So much of me wanted to stay in Mexico at the mission and leave all the stresses and unnecessary things of everyday life at home behind me. Yet, while there, I realized the necessity of living for the day, no matter where your day is. There is so much that can be taken in throughout a day, so much air to be breathed into our lungs, so much to be seen with our eyes, and felt in our spirits. How vital it is to realize the gift of a single moment, and pour ourselves into whatever lays at our feet, no matter how much we long to run away from it at times. Even though our futures are unknown, and God could whisk us away to the ends of the earth to serve Him at any given moment, we are here now. We are alive now. We are fully capable and equipped now. We need to serve God now. We need to experience life now, and be thankful for every moment.

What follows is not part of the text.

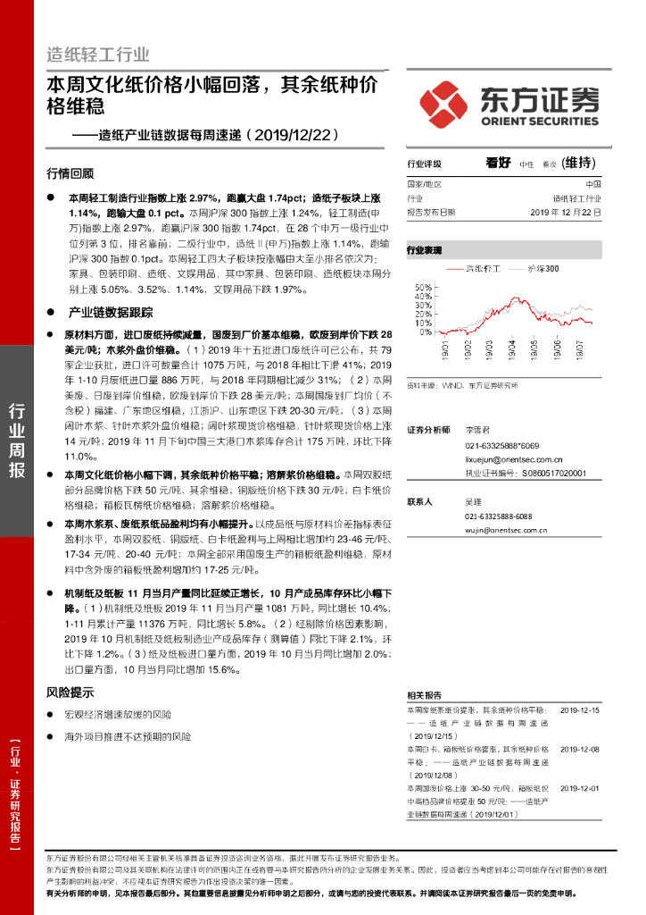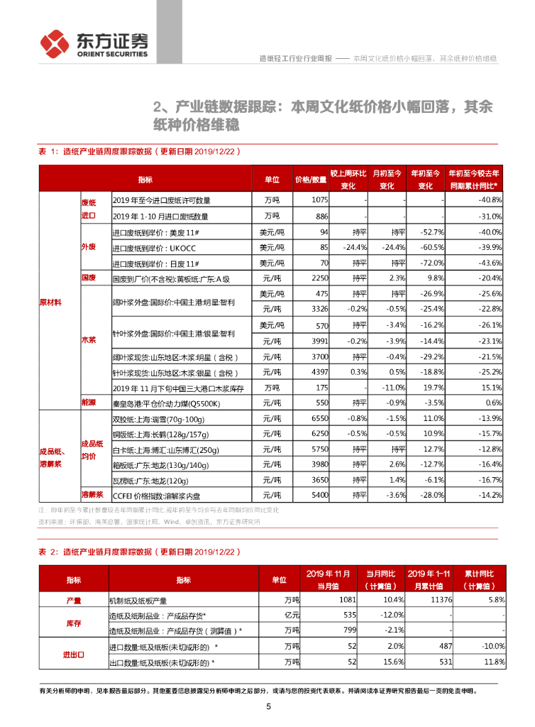 东方证券:造纸产业链数据每周速递:本周文化纸价格小幅回落,其余纸种价格维稳.pdf

Congratulations to Kristen Garrison by the way! Love you | | |
| "The real damage is done by the millions who want to 'survive'. The honest men who just want to be left in peace. Those who don't want their little lives disturbed by anything bigger then themselves. Those with no sides and no causes. Those who won't take measure of thier own strength, for fear of antagonizing thier own weakness. Those who don't like to make waves or enemies. Those for who freedom, honor, truth, and principles are only in literature. Those who live small, mate small, die small. It's the reductionist approach to life: if you keep it small, you'll keep it under control. If you don't make any noise, the bogeyman won't find you. But it's all an illusion, because they die too, those people who roll their spirits into tiny little balls so as to be safe. Safe?! From what? Life is always on the edge of death; narrow streets lead to the same place as wide avenues, and a little candle burns itself out just like a flaming torch does. I choose my own way to burn." -Abraham Herschel
My life (to the outside eye) may seem at times to mirror that of the "little candle"- satisfied with the small things in life, content to see a day as full just because it existed, not always striving for the next big thing, resting in the goodness of simplicity. But I thank God for igniting my soul "just like a flaming torch". For filling me with such passion to know Him, to know the truth, freedom, honor, and principle that He has created. To know that my spirit shall never whither, shall never just survive, shall never be afraid to stand for Him. What strength He gives to those who seek it. He is the fire inside me, and I believe that I can ignite others with this intense heat, even when I feel my flame it too small. We must learn to step aside, shed our pride, superior mentalities, and human-concieved ideas of God, and let God be God. Let Him work in engulfing power, through our feeble, broken shells. Life is beautiful.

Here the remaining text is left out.